The "For Cause" High Bar:
Under Delaware law, firing an executive "for cause" to avoid a payment requires rigorous proof of gross negligence, fraud, or criminal activity. The court’s discovery document indicated that Krafton’s evidence fell far short of this threshold. Instead, the evidence pointed toward a "manufactured" crisis designed to trigger a forfeiture clause in the founders’ contracts.
Market Context:
Krafton’s stock has faced volatility in recent years due to the underperformance of The Callisto Protocol and the natural plateauing of PUBG mobile revenues. Analysts suggest that a $250 million cash outflow would have significantly impacted Krafton’s quarterly earnings and its ability to pursue further acquisitions in the 2026–2027 fiscal years.
Official Responses and Industry Reaction
While Krafton has remained relatively tight-lipped following the ruling, a spokesperson issued a brief statement: "We respect the court’s preliminary findings and remain committed to the success of the Subnautica franchise. Our primary focus is on delivering a high-quality experience for our players."

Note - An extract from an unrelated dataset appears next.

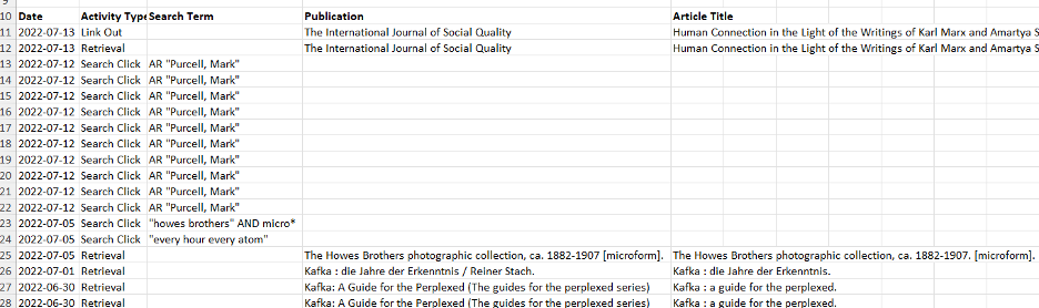 I think this is the search and click data – what you are searching for, reading, and borrowing – that has the 35-day retention period. This data has a common key that can reaggregate it with separately stored PII such as email address, name, or library account number. If you have an EBSCO account, you can easily see that this is the case by submitting a data request within your account. If the two silos of data could not be reassociated, you would not be able to get your data. A past report of my data looked like this:

Conversely, the legal team representing Edward Gill and the Unknown Worlds founders expressed vindication. "This ruling confirms that corporate giants cannot use their size to bully creative talent out of their rightfully earned compensation," said a lead attorney for the plaintiffs. "We look forward to the second phase of litigation, where we will address the full extent of the damages caused by Krafton’s bad-faith actions."
Industry figures have also weighed in. Rami Ismail, a prominent advocate for independent developers, shared the discovery documents on LinkedIn, highlighting the "fascinating" and "messy" nature of the corporate maneuvering. The consensus among the developer community appears to be one of wary relief; the ruling serves as a rare check on the power of major publishers over the studios they acquire.
Implications: A Precarious Future for Subnautica 2
The court’s decision has immediate and long-term implications for the game, the studio, and the wider industry.
1. The Development of Subnautica 2
The most pressing concern is the health of Subnautica 2. With the court reinstating Edward Gill and enjoining Krafton from "impeding Gill’s authority," the game’s Early Access launch will likely return to the original vision of the creators. However, the internal atmosphere at the studio is undoubtedly strained. Managing a team that has seen its founders fired and then legally forced back into the building presents a massive HR and cultural challenge.
2. Phase 2 of the Lawsuit
The legal battle is far from over. The second phase of the litigation will determine "whether Krafton’s actions wrongfully impaired the earnout, and whether any resulting money damages are owed." If the court finds that Krafton’s interference actively harmed the game’s potential or delayed its launch to avoid the earnout window, the $250 million liability could grow even larger when interest and punitive damages are considered.
3. A Warning for Future M&A
This case serves as a cautionary tale for both founders and buyers. For founders, it highlights the importance of ironclad "good leaver/bad leaver" clauses and the necessity of choosing a partner whose corporate culture aligns with their own. For buyers, it is a reminder that the Delaware Court of Chancery—the most influential business court in the United States—has little patience for "weaseling out" of clear contractual obligations through executive termination.
4. Krafton’s Reputation
Krafton’s brand as a "developer-friendly" publisher has taken a significant hit. In an industry where talent is the primary currency, the perception that a publisher will attempt to "ouster" creators to save money could make future acquisitions much more difficult and expensive.
As the industry watches the second phase of this trial unfold, the saga of Subnautica serves as a stark reminder of the often-turbulent intersection of creative passion and corporate finance. For now, the creators are back at the helm, but the waters remain deep and dangerous.